The origins of the Brown University Orchestra date back at least to 1858, the year a “Grand Concert…accompanied by the Orchestra of Brown University” took place in Seekonk, Massachusetts. The modern era of the BUO began in the winter of 1919, when the College Orchestra was established. Renamed the Brown-Pembroke Orchestra in 1940, it became the Brown University Orchestra in 1953. The orchestra’s current membership consists of approximately 100 student musicians from Brown University and the Rhode Island School of Design. The BUO has given concerts at Carnegie Hall and Lincoln Center, toured China and Ireland, and performed with such renowned soloists as Itzhak Perlman, Navah Perlman ’92, Mstislav Rostropovich, Isaac Stern, Christopher O’Riley, Eugenia Zukerman, Pinchas Zukerman, Dave Brubeck, and Jennifer Koh.
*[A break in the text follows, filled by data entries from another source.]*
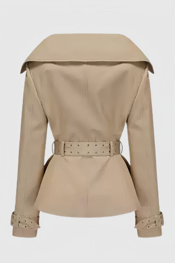 The Ellina Double Breasted Short Trench combines timeless tailoring with contemporary silhouette. Crafted with precision, this piece features classic double-breasted buttons and a refined collar that elevates any ensemble. The shortened length offers versatility—wear it over dresses, trousers, or casual separates for an effortlessly polished look. Perfect for transitional seasons, this trench delivers structured elegance without sacrificing comfort. An investment piece that transcends trends and seasons.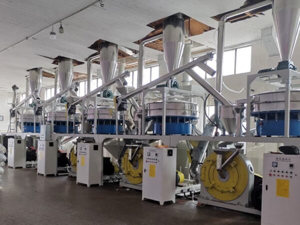 The crusher, also commonly referred to as a grinder or granulator, is primarily used for crushing waste plastics, plastic composites, and factory scrap. Based on the feed direction, it can be categorized into horizontal crushers with tangential feed and vertical crushers with top feed. According to the type of blades used, crushers can also be classified into V-blade crushers, flat-blade crushers, segmental-blade crushers, and hook-blade crushers. The crusher grinds various plastics and rubber into small pieces or flakes. The output can be directly fed as raw material to extruders or injection molding machines, or it can be further processed through extrusion and pelletizing for recycling.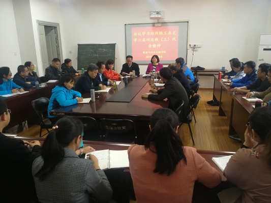 六届四次教职工代表大会精神会议,会议由党总支书记邵建敏主持,学院领导班子和全体教师参会。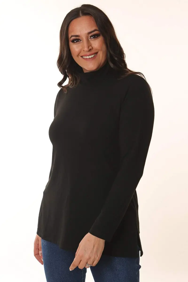 Yarım Balıkçı Siyah Triko Ürün Özellikleri: Soğuk havalarda koruyucu balıkçı yaka Rahat kalıbı ile sade bir görünüm Uzun kol Kalça hizası boy Ürün Açıklaması: Yaşam alanının demirbaşı haline gelen rahat kumaşlar, modern detaylarla ve sonbahara hafif bir geçiş sağlayacak olan renklerle home office algısını şekillendiriyor. Evde de, ofiste de özgür stiller, özgür kadınlar… Renk: Siyah Malzeme: %67 Poliester - %29 Viskoz - %4 Elastan Manken Ölçüleri: Omuz: 47 cm. - Göğüs: 97 cm. - Basen: 105cm - Bel: 80 cm. - Boy: 1,79 cm. Ürün boyu 70 cm. 'dir. Model Bedeni: 44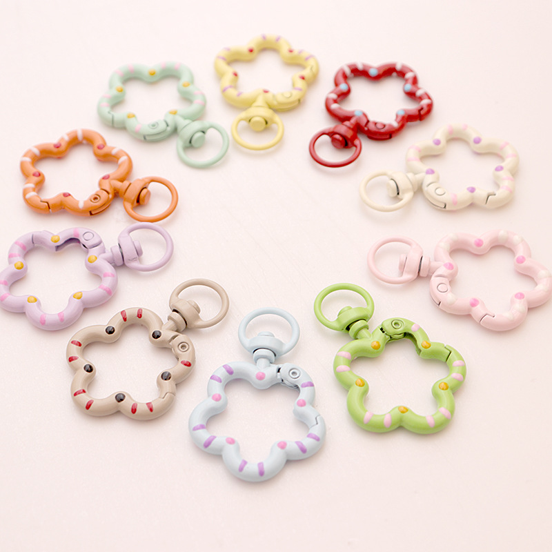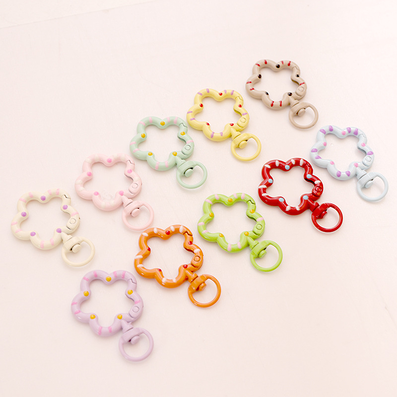 다채로운 매화 오픈 링 꽃 스프링 버클 diy 쥬얼리 액세서리 도매 페인트 금속 링 범용 키 체인
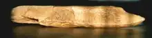 One bone fragment, an elephant tibia, has two groups of 7 and 14 incised parallel lines and might represent an early example of art. The regular spacing of the incisions, their subequal lengths and V-like cross-sections suggest they were created at the same time, with a single stone tool. The tibia dates to between 350,000 and 400,000 years ago.[2] The interpretation as an early calendar is a possibility.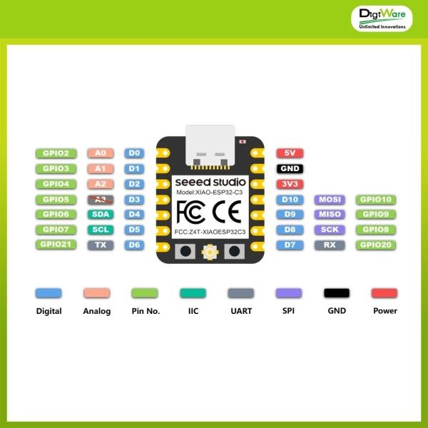 Seeed XIAO ESP32C3 merupakan development board yang terintegrasi dengan chip mikrokontroler ESP32-C3 32-bit RISC-V dengan kecepatan clock sampai 160MHz. Selain itu, board ini juga sudha terintegrasi dengan jaringan wireless 2.4GHz Wi-Fi dan Bluetooth 5.0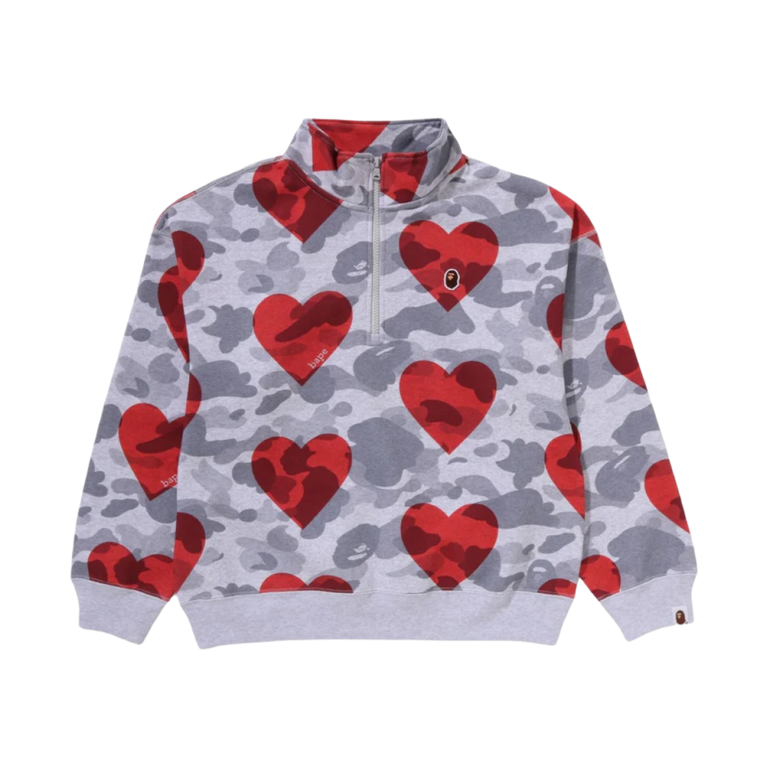 (W) 베이프 아이 러브 베이프 하프 집 스웨트셔츠 그레이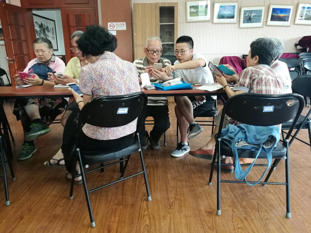 本次活动为信科软件所15级硕士生党支部、博士生党支部联合夕阳再晨社工中心共同举办,由景山街道提供场地和宣传支持。活动当天,共有20余名老人参加培训。在活动开始前,现场的老人和支部党员同学在街道工作人员的带领下,做了暖场活动,互相为对方按摩肩膀,这一活动迅速拉近了支部党员与老人们之间的距离。之后,一名党员同学与三名老人组成一组就坐,活动正式开始。
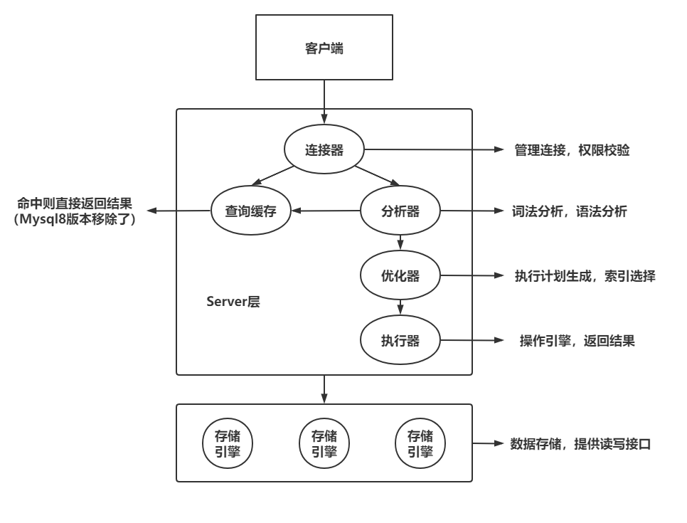 然后 执行器 就会根据 查询优化器 生成的一套执行计划,不停的调用 存储引擎 的各种接口去完成 SQL 语句的执行计划
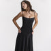 All black sleeveless maxi dresses are perfect for any special occasion or event in summer. and this stunning little black dress is a must-have outfit for any fashion-forward woman's wardrobe. This glamorous slip maxi dress in our boutique stands out with its exquisite details. including a U-shaped neckline. dainty spaghetti straps that highlight the shoulders and neckline. and a fit-and-flare design adorned with textured pintucks at the slim bodice. in additional. its unique drop waistline. the lace-up closure at the back. and the flowy. floor-length dress cut that enhances the gown's movement and grace. exuding an air of sophistication and elegance.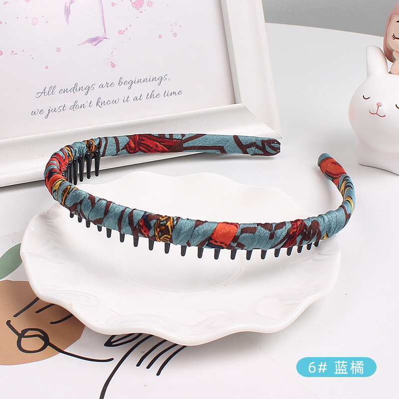 韩版布艺发箍网红碎花梳子头扣发卡手工绕布全包型带齿压发头箍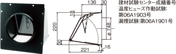 防火ダンパー付ウェザーカバー(防鳥網付)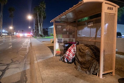 I’ve been very careful up to now not to use the word homeless, because it’s become an overly broad category that covers families in motels with Section 8 vouchers, people sleeping on friends’ couches until they can get back on their feet, mothers with children in long-term shelters, and then those who live in tents under bridges or sleep in a soiled sleeping bag.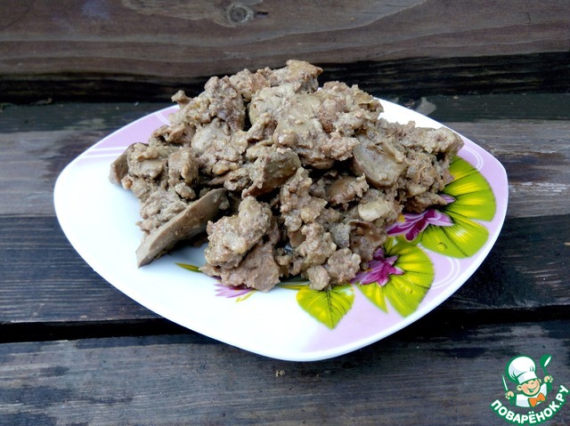 4. Когда будет готов лук, выкладываем к нему обжаренную печень, аккуратно перемешиваем, накрываем крышкой и, выключив огонь, даём постоять 5-7 минут. Блюдо готово! остаётся только подобрать желаемый гарнир, а можно просто подать как отдельное блюдо - в любом случае пальчики оближете!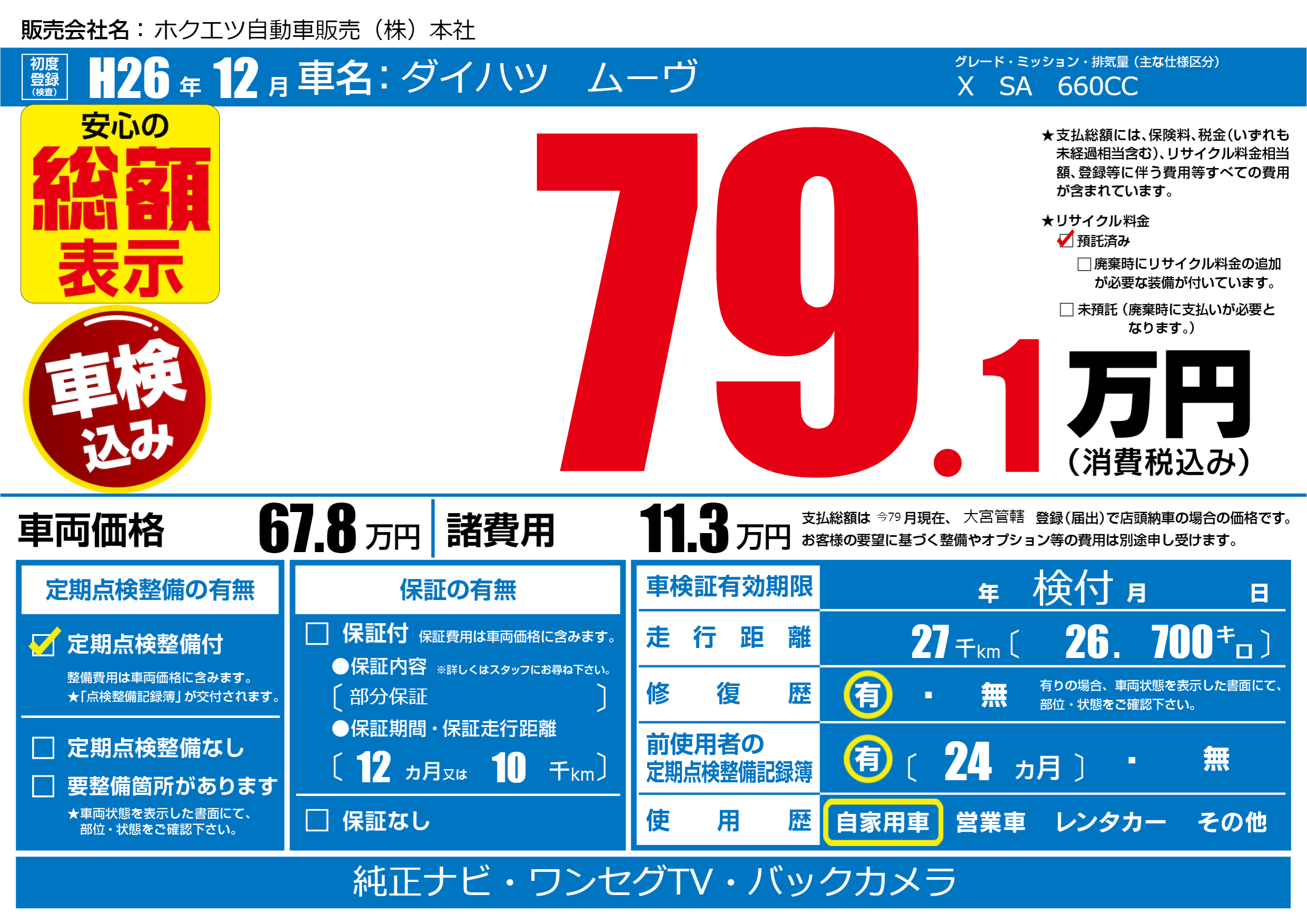 | 走行キロ | 2.7万km | 初年度登録 | H26年12月 |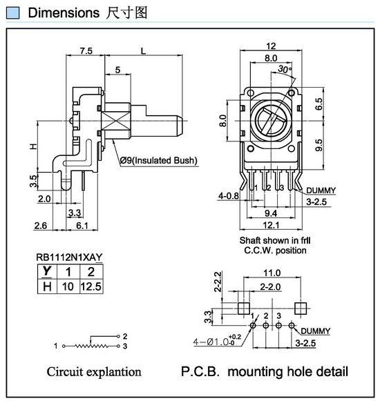 Rotary Potentiometer Rating:0.05W Contact Resistance:50m max Insulation Resistance:250V DC- 100K min Withstand Voltage:250V AC 1 minute Operating Force:10-100gf.cm Life Cycle:10000 cycles min...

In 2006 Daniel Barenboim conducted the BUO during the first of his two residencies with the West-Eastern Divan Orchestra. The BUO has hosted Samuel Adler, Lukas Foss, Steve Reich, Steven Stucky, Joseph Schwantner, Michael Torke, Peter Boyer, Nico Muhly, Joan Tower, John Harbison, Vijay Iyer, and other distinguished composers-in-residence, and won 7 ASCAP Awards for Adventurous Programming of Contemporary Music. BUO alumni include current and former members of the Cleveland Orchestra, New World Symphony, Nashville Symphony, North Carolina Symphony, Chattanooga Symphony Orchestra and Opera, Spoleto Festival Orchestra, New York Philharmonic, Chicago Symphony Orchestra, and YouTube Symphony Orchestra.

In the fall of 2014, the BUO recorded two compact discs for Naxos: Manhattan Intermezzo, featuring pianist Jeffrey Biegel playing works for piano and orchestra by Neil Sedaka, Keith Emerson, Duke Ellington, and George Gershwin; and Anthony Burgess: Orchestral Music, the first recording of orchestral works by the famed British composer-novelist. Both CDs were released in 2016, receiving rave reviews internationally. In March 2016, Manhattan Intermezzo topped the classical charts as the No. 1 best-selling Naxos recording worldwide.